Civil rights defenders say Russian anti-propaganda law violates free expression


In an article published to their blog, the Civil Rights Defenders, an independent group of experts dedicated to the defense of human rights, called the Russian law “a clear violation of freedom of expression and assembly.”

The response comes after the recent sentencing of two LGBT activists, Nikolai Alexeyev, the co-founder of the Moscow Gay Pride Movement, and Yaroslav Yevtushenko, by a court in Northern Russia for carrying a banner with the slogan “Gay propaganda does not exist. People do not become gay, people are born gay.”

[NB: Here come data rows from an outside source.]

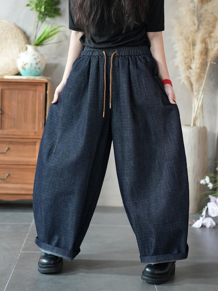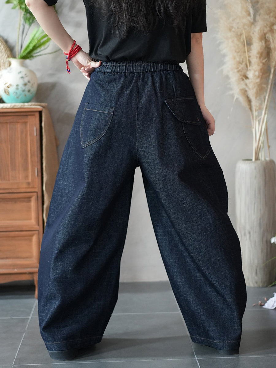 Women Spring Vintage Denim Wide-leg Pants
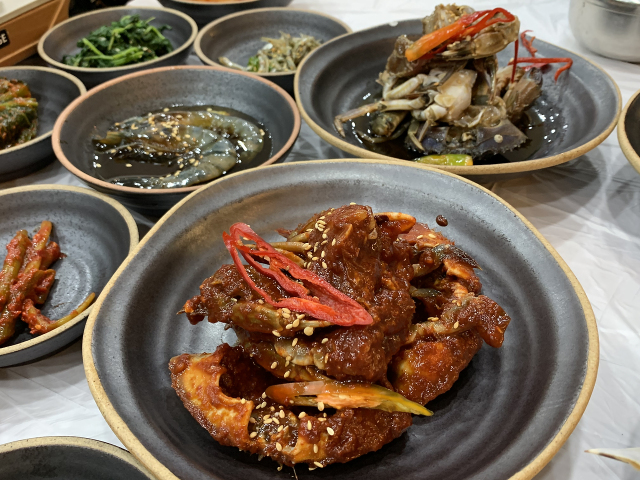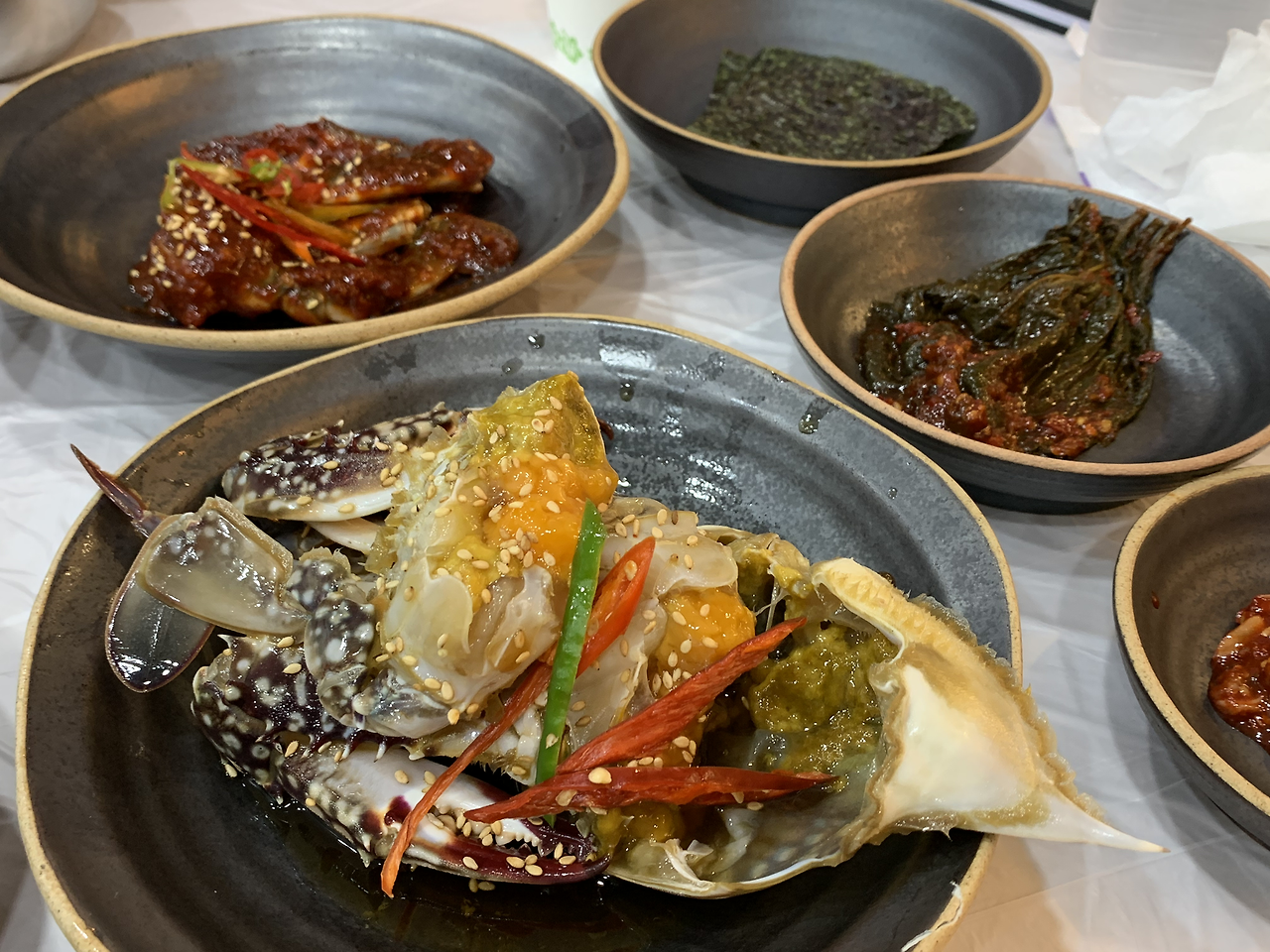 여수에 올 때마다 가장 고민하는 게 어느 집 게장을 먹을 것인가다. 돌게장이냐 꽃게장이냐. 가본 집이냐, 새로운 집이냐. 고민을 하다 친구가 추천한 정다운 식당에 게장을 파는 걸 보고 이리로 갔다. 정다운 식당은 물메기탕으로 허영만의 백반기행에도 나온 집이다. 허영만 추천식당과 잘 맞는 편이라 걱정 없이 들어갔다. 꽃게 삼총사(꽃게탕+암꽃 게장+양념꽃게장)(30,000원) 정식과 돌게 삼총사(돌게탕+돌게장+돌게 양념게장)(15,000원)을 각각 하나씩 시켰다. 꽃게와 돌게 삼총사는 반찬이나 다른 구성은 다 같고, 게장이 돌게냐 꽃게냐의 차이다. 꽃게장과 돌게장을 동시에 맛볼 수 있어서 좋았다.
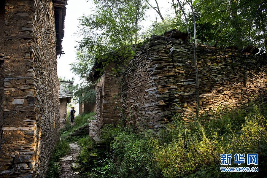 為數(shù)不多的游人在石板房之間探訪(8月7日攝)。 新華社記者陶明攝
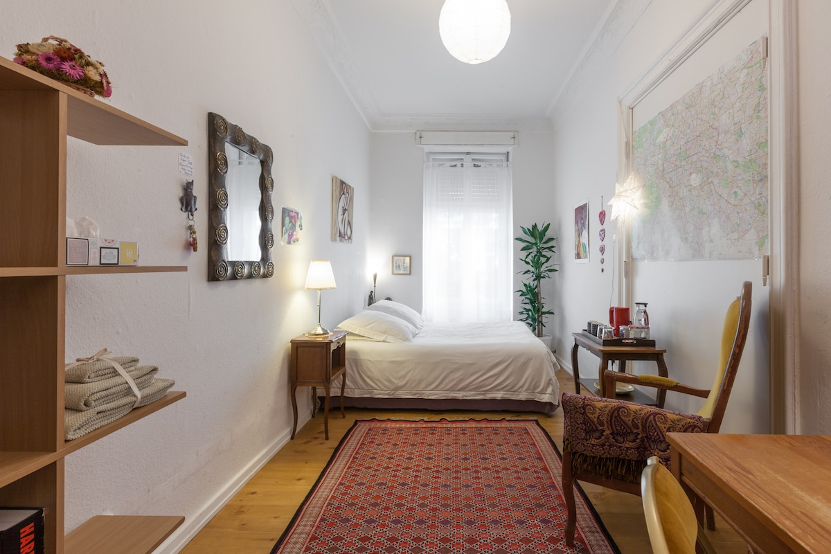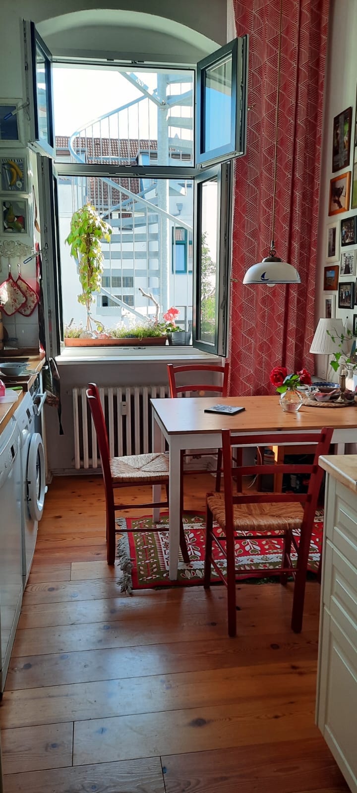 Situated on the fifth floor, this airy and light-flooded one-room apartment offers everything you might need for your stay like a freshly renovated kitchen and bathroom and an excellent public transport connection. The apartment has one double bed and two single beds. On request, there's a foldable baby bed available. Please be aware, that there is no elevator in the building. There is free parking available closeby. This place serves as a safe space for every person. 🏳️🌈 🏳️⚧️

The activists were the first to be penalized by a court under the federal law, which prevents the promotion of unconventional relationships to minors. After being arrested in front of the Children’s Library in Arkhangelsk, where they were picketing the anti-propaganda law, they were put on trial and fined 4,000 rubli (about $122).

“This is a clear violation of freedom of expression and assembly of these LGBT-activists,” said Joanna Kurosz, program director for Eastern Europe and Central Asia at Civil Rights Defenders, in an article posted on December 10.

“This law has opened up for systematic violations of basic human rights of LGBT-people and the Russian lawmakers should amend it immediately to comply with international standards and the Russian constitution,” she continued.

At their trial, both LGBT activists refused to plead guilty, and announced their intention to appeal the decision to the Regional Court in the city of Arkhangelsk.

“The verdicts open the way for appealing the ban on gay propaganda at Russia’s Constitutional Court and later at the European Court of Human Rights, which is what we are going to do,” said Alexeyev after the trial, according to the Moscow Times.